Louis Beauvette, circa 1930s
It was in the fall of 1918 when Louis Beauvette, an expert woodsman and occasional miner, came across rocks containing silver ore while hunting in the hills above Duncan Creek in the backwoods of the Yukon. He began tracing the rocks further uphill to find their source, but it grew cold and began to snow. He was forced to turn back, determined to return the following year.
Prospectors had long known that silver existed in the Yukon, but few had sought after it. There, gold was everything. It was not only worth more than silver but had more glamour as well. The Klondike Gold Rush was in full swing just ten years earlier and the discovery on Bonanza Creek in 1896 began a stampede that brought some 40,000 entrepreneurs to the ramshackled boomtown of Dawson City.
Like all booms, it did not last. First, gold was discovered in Nome, Alaska, and by the early 1900s, the largest gold deposits in the Klondike had begun to be picked clean. The rest of the stampeders were eventually drawn away to fight in World War I. For a time, copper mining responded to wartime demands, but this, too, tapered off when the war ended. The Yukon economy was on the verge of collapsing.
Luckily, a handful of men stuck around to keep searching the creek beds and hills for the next big find. They were in a relatively good position — Yukoners were becoming stampede-proof after too many false rumours, and there were far fewer prospectors around. The Duncan Creek area where Beauvette was waiting out the winter was nearly deserted.

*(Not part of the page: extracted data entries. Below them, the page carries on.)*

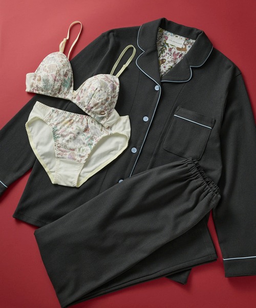 ウンナナクールはワコールから生まれた下着屋さん 綿100%の開襟シャツの長袖パジャマ。 ハリ感のある綿100%のフライス素材で、背当てにはリバティプリントの生地をあしらいました。 リラックスできる着心地にこだわったデザインは、おうちでくつろぐ時やラウンジウェアとしてもおすすめのアイテムです。 ボトムには何かとうれしいポケット付き。 【une nana cool Upcycle PAJAMASとは】 アウターアイテムに使用されるテキスタイル(生地)の中から、少量ずつ余ったものを、ウンナナクールがパジャマづくりにアップサイクルしています。 本来はアウター向けに生産されたテキスタイルの中から、パジャマとしても心地よく着られる肌触りや風合いのものを厳選して使用しています。 生地に限りがあるため、各カラーともに数量限定でのご用意となりますが、少量ずつ異なるテキスタイルを活用することで、バリエーションが豊富なパジャマがそろいました。 ------------------------------------------------------ LIBERTY FABRICS 1875年創業の英国リバティが手掛けるテキスタイルブランド「リバティ・ファブリックス」。 繊細で流動的な線で描かれ、独特の色彩が特徴のプリント生地が世界中で愛されています。 ------------------------------------------------------ 品番: LP6471 ウエストゴム取替口あり 洗濯機可(ネット使用) ※お洗濯は、必ず「取扱い表示」にしたがってください。 【サイズ詳細】 M: バスト104.0cm 着丈65.0cm ズボン脇丈95.0cm ウエスト55.0cm L: バスト112.0cm 着丈66.0cm ズボン脇丈96.0cm ウエスト59.0cm ※出来上がり寸法を表示しております。 ※サイズ詳細の寸法には多少の差異がございます。
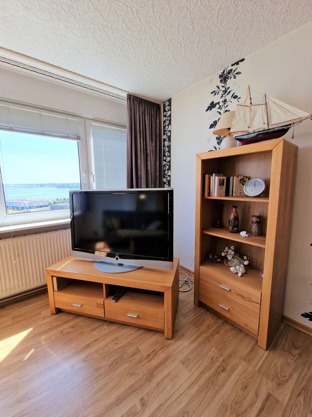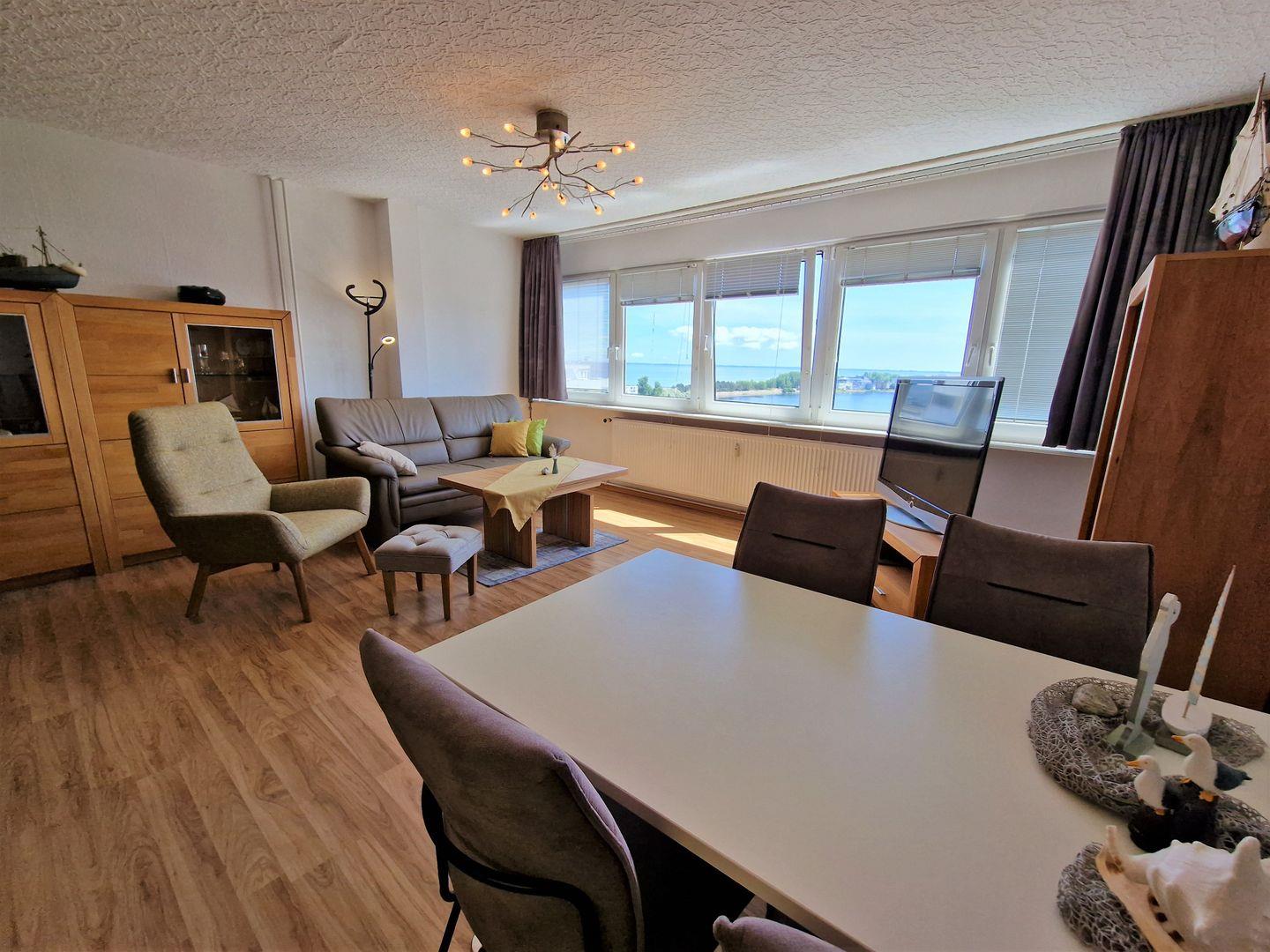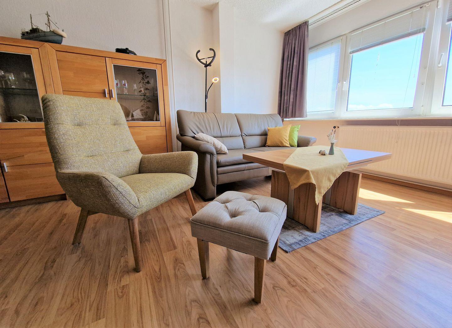 Diese Ferienwohnung besticht durch das großzügige Wohnzimmer mit langer Fensterfront und ist geeignet für max. 3 Personen (Schlafcouch).
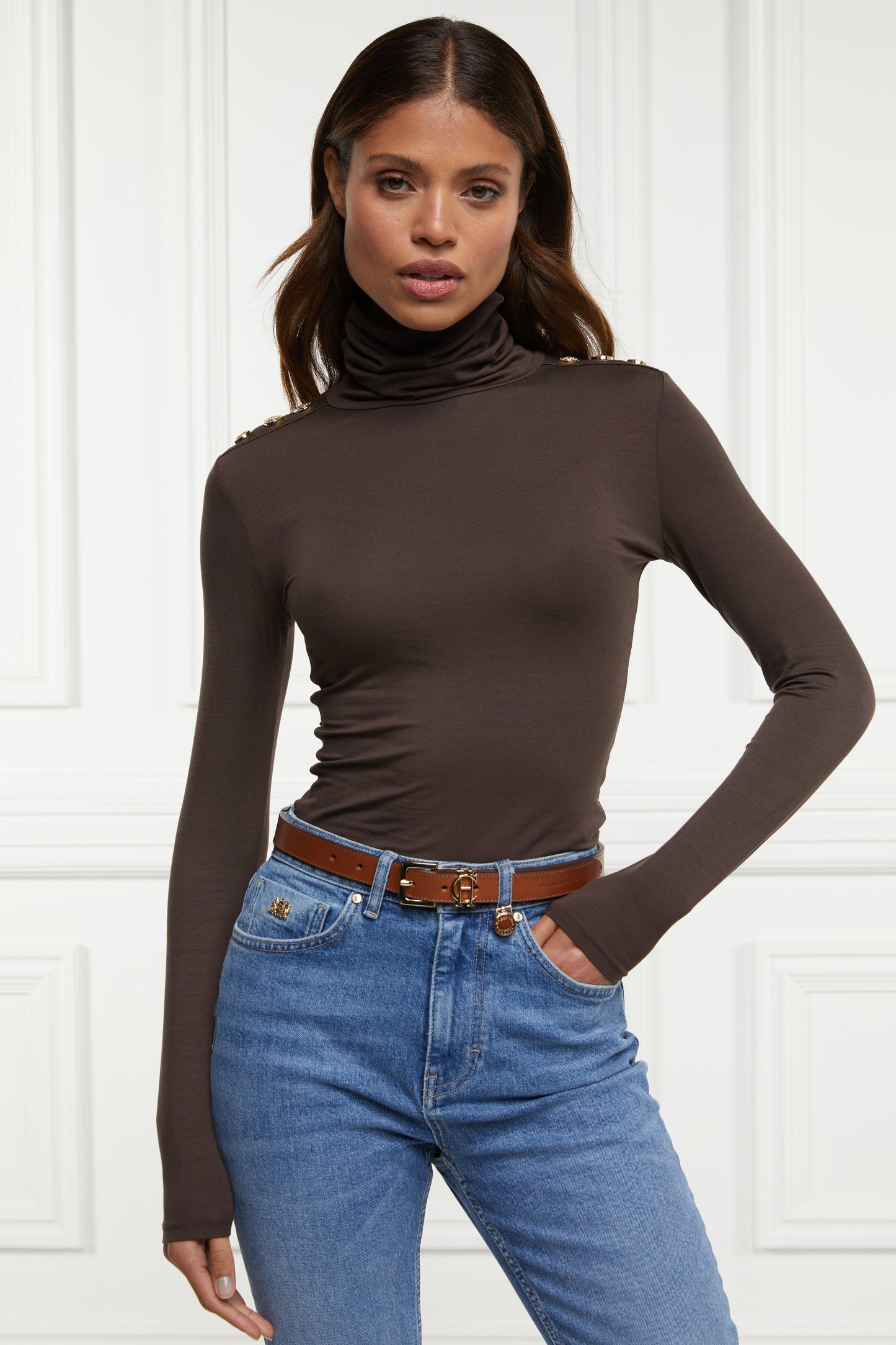 The perfect every day essential, designed to keep you both feeling warm and looking great. Made with a classic roll neck, this knit is one you will be reaching for year after year. Crafted from a superior knitted viscose for a flawlessly smooth fit adorned with our iconic HC crested gold rivets to the shoulders.
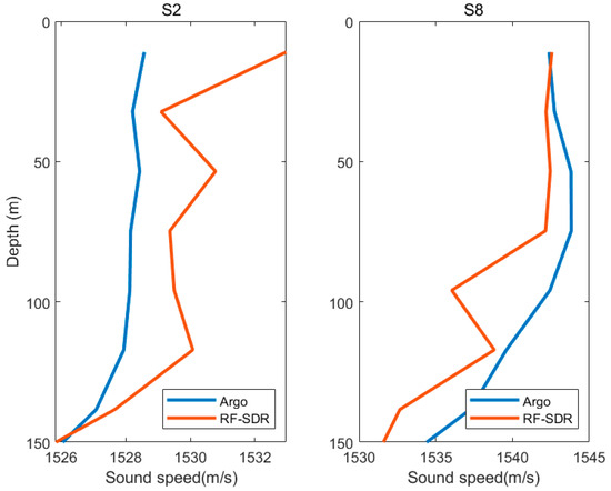 The SSPs between RF-SDR SSP and Argo SSP for stations S2 and S8, with depths shallower than 150 m.
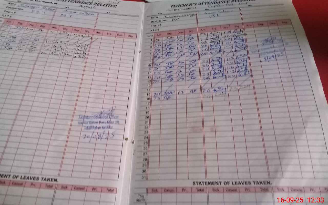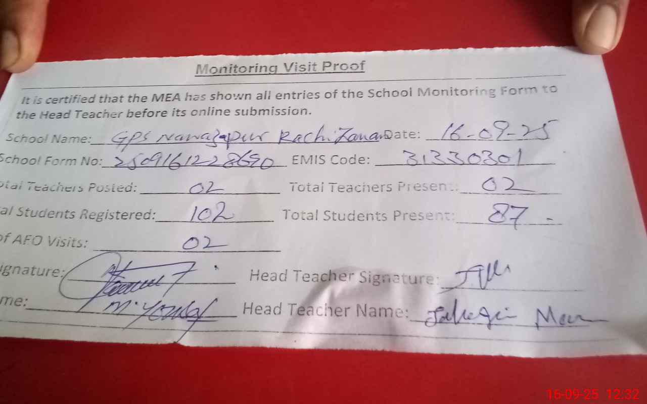 | Attendance Register | Head Teacher | MEA with School | Visit Proof |
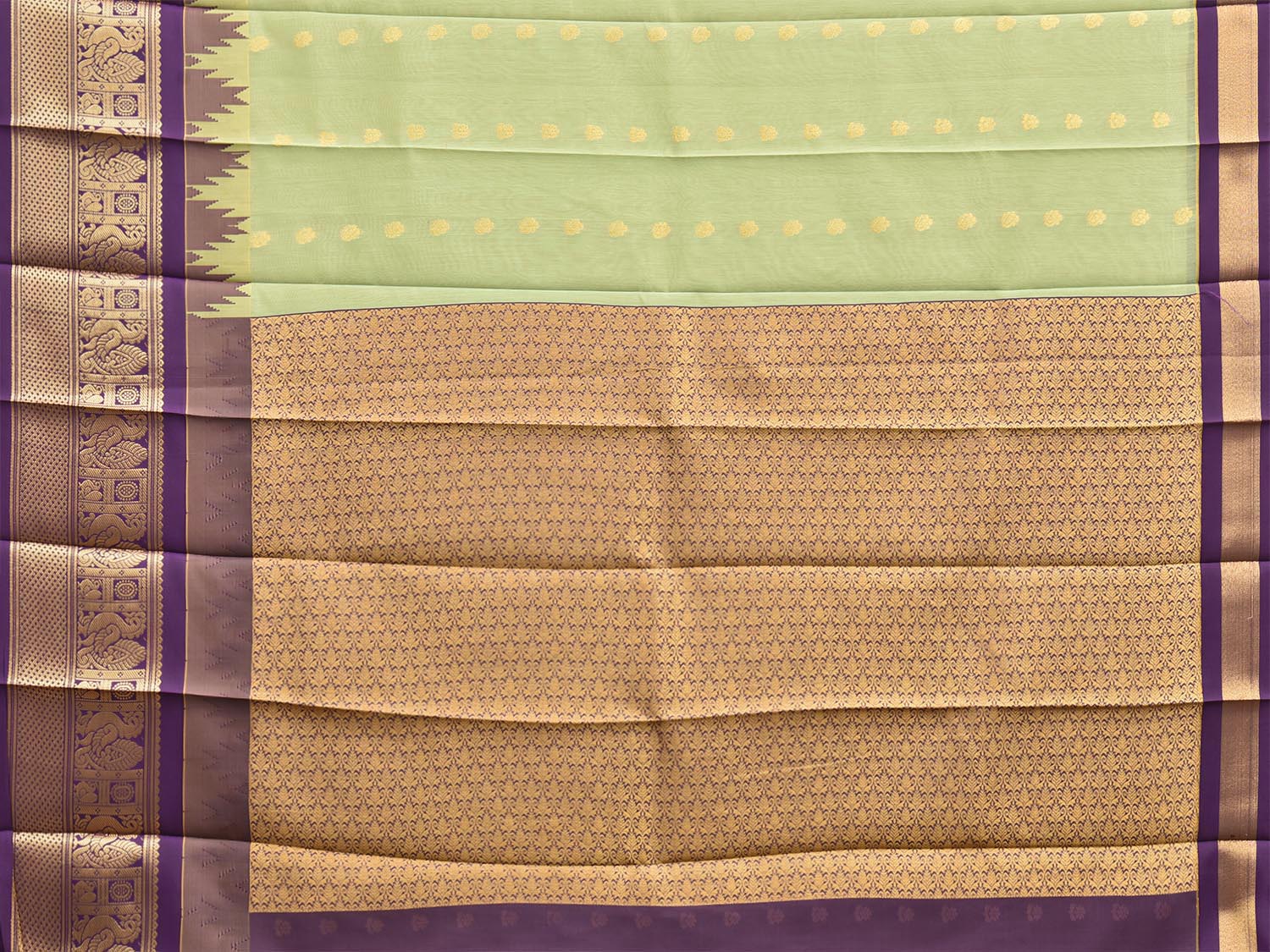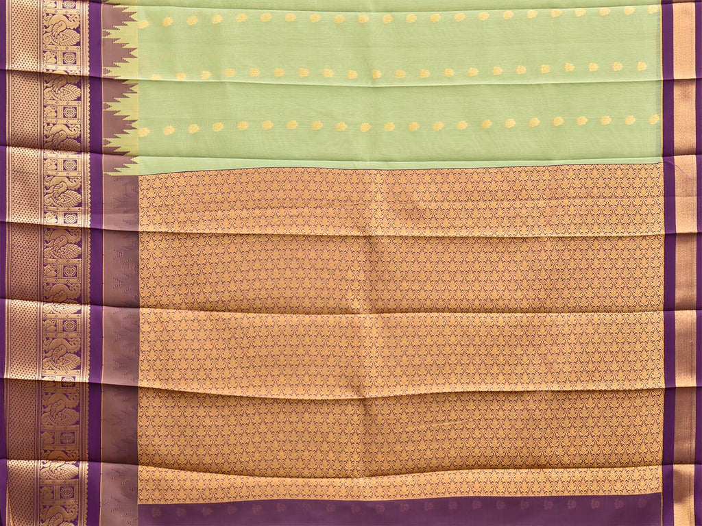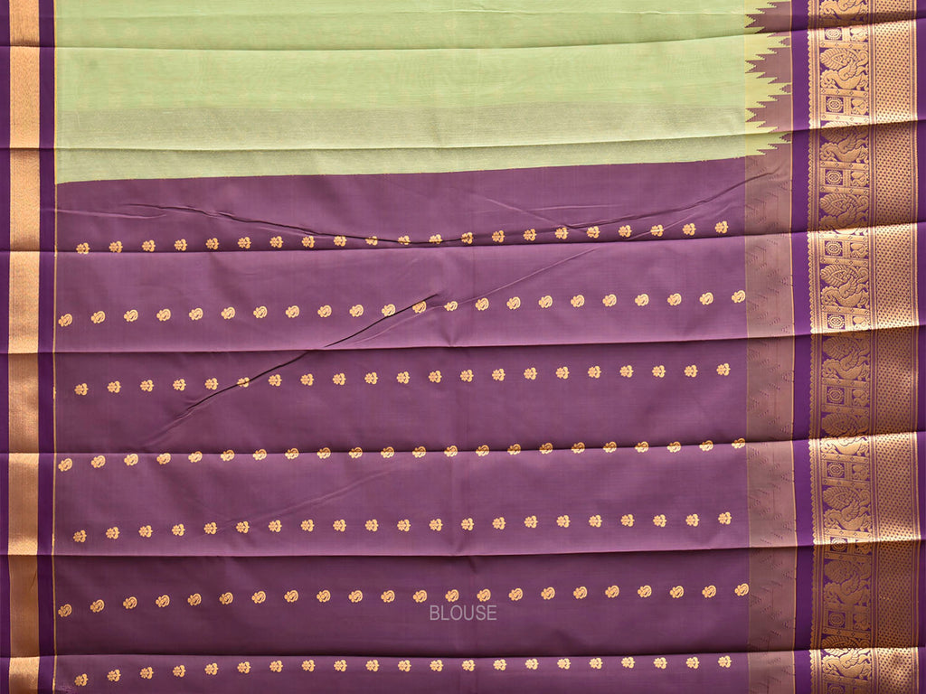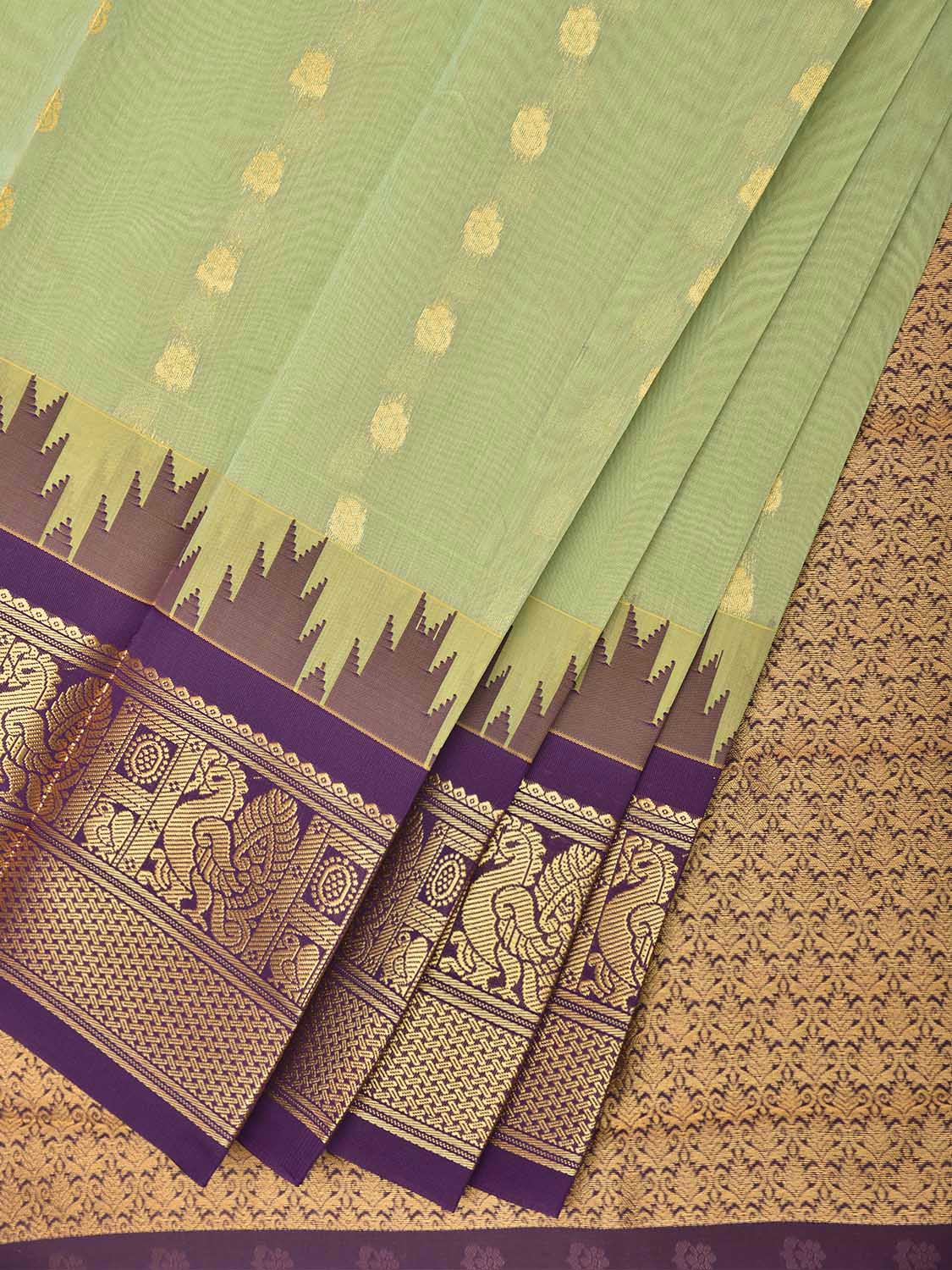 Sea Green and Purple Gadwal Cotton Viscose Saree with Body Buta and Temple Border Design. Gadwal Sarees are known for their traditional design of border and pallu made of silk and body being either cotton or silk. They are known as Sico sarees for border and pallu being silk and body being cotton. We advice dry clean for fabric care.
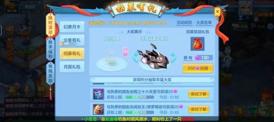 9.周一到周五:门派论剑,有招募活动的时候带回归,有积分
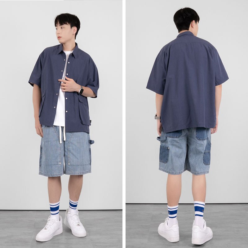 【QIAO】畫家短褲 復古水洗 牛仔工作褲 牛仔短褲 牛仔褲 工作褲 工裝 山系 短褲 Y2K 褲子藍色,M|藍色,L|藍色,XL|藍色,2XL|韓系條紋,M|韓系條紋,L|韓系條紋,XL|韓系條紋,2XL|黑色,M|黑色,L|黑色,XL|黑色,2XLQIAO 潮人服飾旗艦店
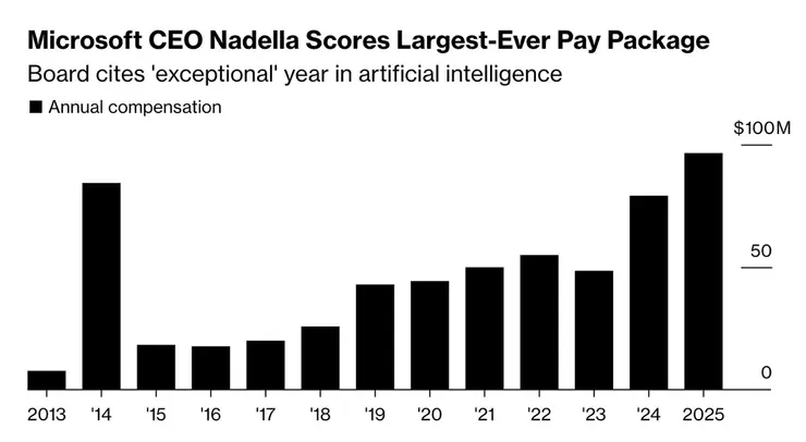 納德拉的薪酬較2024財年的7910萬美元增長22%。微軟在監管文件中表示,納德拉的薪酬中包含250萬美元的基本工資,90%的薪酬以微軟股票形式發放。納德拉自2014年起擔任微軟的第三任CEO。

Just as the snow cleared in early July, he heard that an investor named Fred Bradley was in the area to consider the Lookout Mountain property. Hoping to entice him with his own find, Beauvette quickly set off to claim his silver. He soon found the ore and tracked it to its source, where he collected samples and staked a claim. But as he approached the town of Mayo, he heard the whistle of a steamboat as it left for Dawson — he had missed Bradley by mere minutes.
Beauvette was in a bind — he needed his samples assayed, but he also wanted to prospect the hill more thoroughly before too many others heard about his find. He approached Jack Pickering, whose Lookout Mountain property Bradley had just turned down, and who was now quite broke. The two agreed to work together. Pickering would take the samples to Dawson and catch Bradley, and Beauvette would head back to the hill.
Pickering left on the next steamboat, but when he got to Dawson he was too late: Bradley was already gone. Pickering instead turned to the trusted Alfred Kirk Schellinger, an assayer for the Yukon Gold Company. Schellinger was so impressed with the samples — among the richest he had ever seen — that he packed some supplies and left with Pickering on the next steamboat back to Mayo. They were now a party of three.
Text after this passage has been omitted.